**WORK TO BE COMPLETED:** All of the listing, from first line to last, should be output exactly; the pictures stay out.

**DATA SHOWN:**
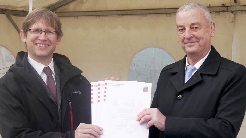 ABG Geschäftsführer Junker bei der Entgegennahme von Unterlagen. Foto: ABG
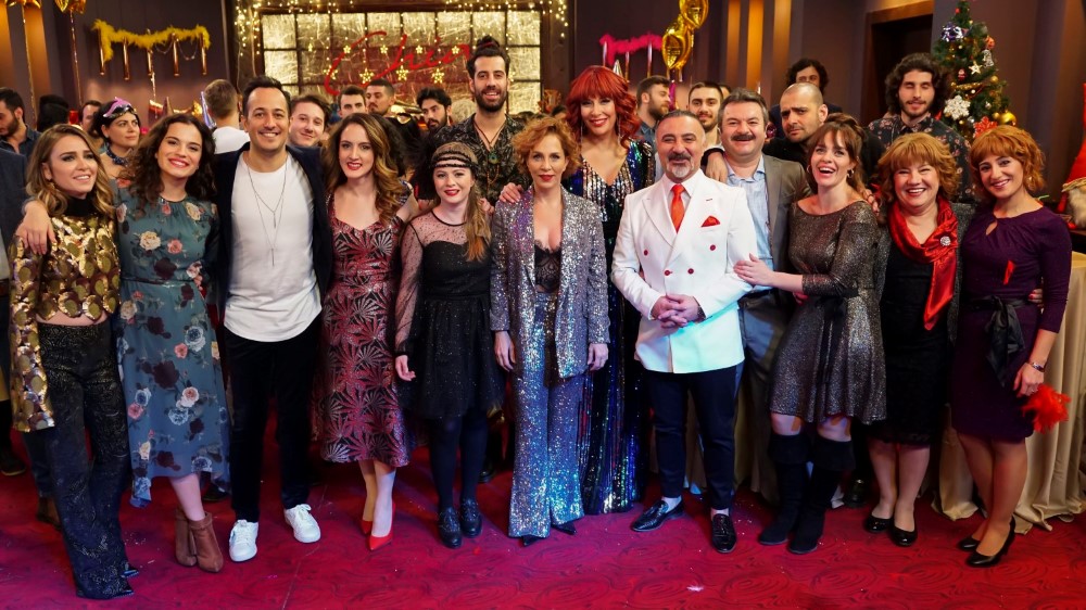 ‘Öyle De Güzel’ ve ‘Kime Diyorum’ adlı şarkılarını seslendiren sanatçı, çekimlerin sonunda tüm oyuncularla fotoğraf çektirip yeni yıl pastasını kesti.
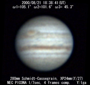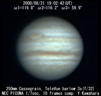 ![]() No. 22 2000/08/21 19:02:42(UT) I=119.8 II=116.2 III= 59.9 250mm Cassegrain, barlow 3x(f/32) NEC Picona 1/7sec, 10 frames composite | ![]()
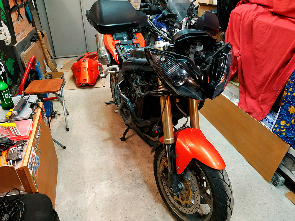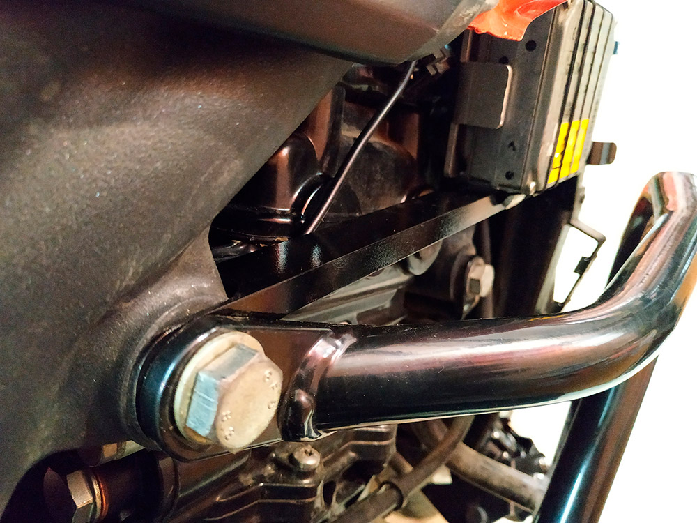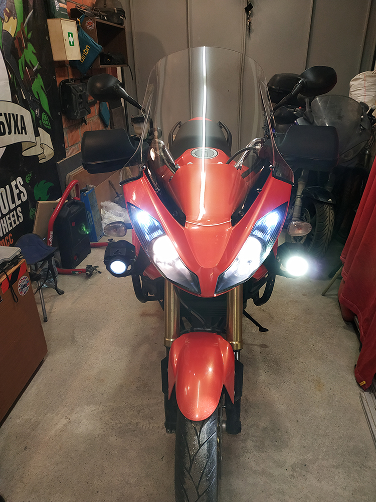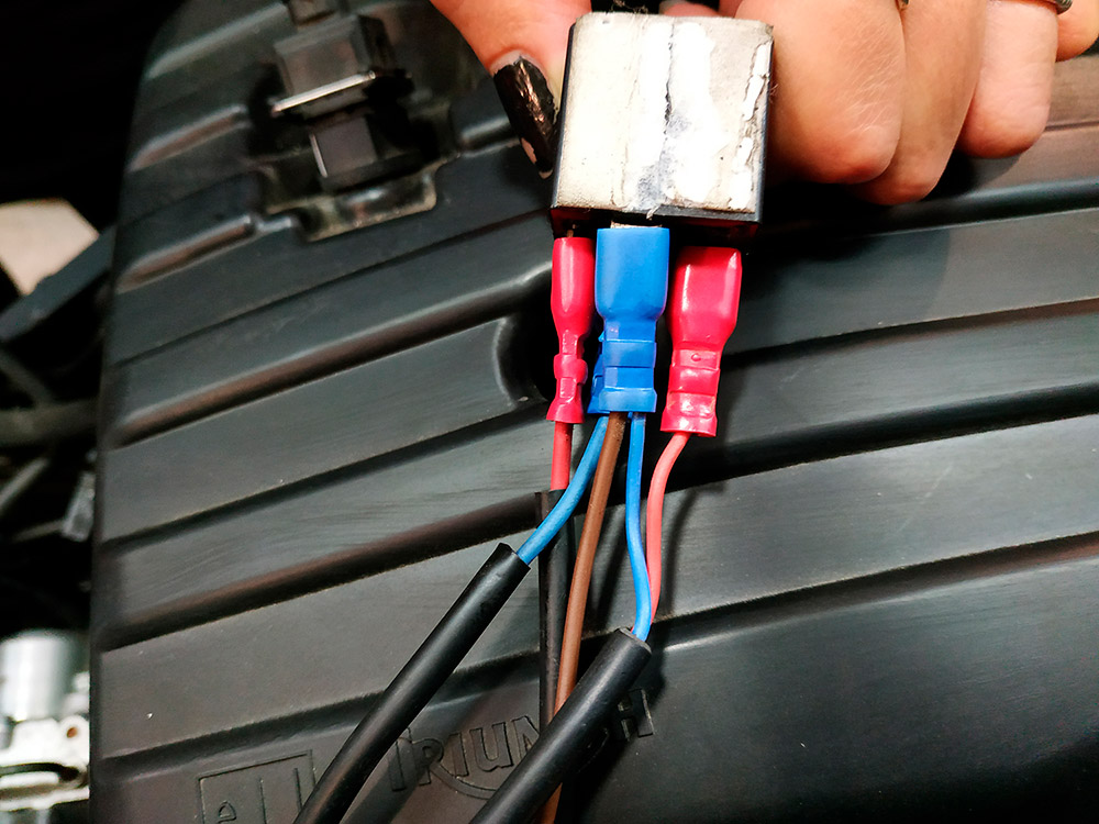 И задача у меня была скрестить две части ксеноновых ламп. Блок розжига у меня стоит на хитром креплении с левой стороны под пластиком. Надо было что-то придумать на правую сторону и затем всё подключить так, что бы лампы включались только на включённом мотоцикле и не зависели от ближний/дальний.

**RESULT BELOW:**
 ABG Geschäftsführer Junker bei der Entgegennahme von Unterlagen. Foto: ABG
 ‘Öyle De Güzel’ ve ‘Kime Diyorum’ adlı şarkılarını seslendiren sanatçı, çekimlerin sonunda tüm oyuncularla fotoğraf çektirip yeni yıl pastasını kesti.
 ![]() No. 22 2000/08/21 19:02:42(UT) I=119.8 II=116.2 III= 59.9 250mm Cassegrain, barlow 3x(f/32) NEC Picona 1/7sec, 10 frames composite | ![]()
 И задача у меня была скрестить две части ксеноновых ламп. Блок розжига у меня стоит на хитром креплении с левой стороны под пластиком. Надо было что-то придумать на правую сторону и затем всё подключить так, что бы лампы включались только на включённом мотоцикле и не зависели от ближний/дальний.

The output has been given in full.